Creating a new BamStatSummary object.
my $bamsummary = Bio::ViennaNGS::BamStatSummary->new(files => \@bams,
outpath => $odir,
is_segemehl => $segemehl_control,
control_edit => $edit_control,
);
Initializes a new Bio::ViennaNGS::BamStatSummary object that contains data from BAM files maped by segemehl (is_segemehl => 1
), specified in @bams. The output directory is set to $odir ('./'), where standard read quantification and the edit distance (control_edit => 1
) of each read will be stored.
Read in BAM files @bams
In the next step the initialized data object is populated with essential data extracted from each read BAM file.
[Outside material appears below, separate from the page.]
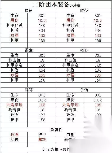 魔角:攻击强度/暴击伤害 核心:攻击强度 腰带:攻击强度/暴击伤害 徽章:攻击强度 耳环:元素穿透 手镯:元素穿透 副属性:攻击强度/暴击伤害/火攻
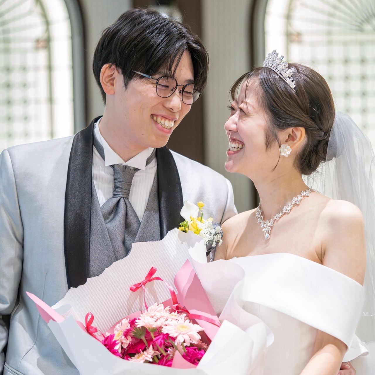 ファーストミートで、夫からサプライズで花束をもらったことです。装花のコーディネーターさんに相談し、贈りたい花言葉の花を探してもらったり、似合うデザインを考えてもらったりしたそうで、サプライズする側のつもりだった私が感動して涙が出ました。

$bamsummary->populate_data();
For each BAM file in @bams the method new
from BIO::ViennaNGS::BamStat is called like this,
$bo = Bio::ViennaNGS::BamStat->new(bam => $bamfile);
Quantify data from $bamsummary
A basic measure in the quantification of BAM files is the number of uniquely or multi mapped reads and how many alignments exist in total. Depending on whether single-end or paired-end reads are analyzed, the number of mapped pairs is essential for the latter. To this end we compile quantitative information for all reads stored in $bamsummary by
$bamsummary->populate_countStat();
Produce output for read quantification.
Next, statistical output will be written to a CSV file in $odir, which can easily be screened with any text editor or spreadsheet program.
$bamsummary->dump_countStat("csv");
Plot read quantification.
To get a visual overview of the consistency of examined samples, bar plots can be produced via,
$bamsummary->make_BarPlot();
which creates a barplot in pdf format of read quantification in $odir.
Plot edit distance distribution.
To get a quick overview of the quality of different mapped RNA-seq samples, we plot the distribution of edit distances for all reads aligned to the reference genome for all samples in @bams.
$bamsummary->make_BoxPlot("data_edit") if( $bamsummary->has_control_edit );
Summary
We applied Bio::ViennaNGS::BamStat and Bio:ViennaNGS::BamStatSummary to extract, store, summarize, and visualize quantitative and qualitative data stored in a BAM file. Only exemplary features of the library were illustrated. The script bam_quality_stat.pl.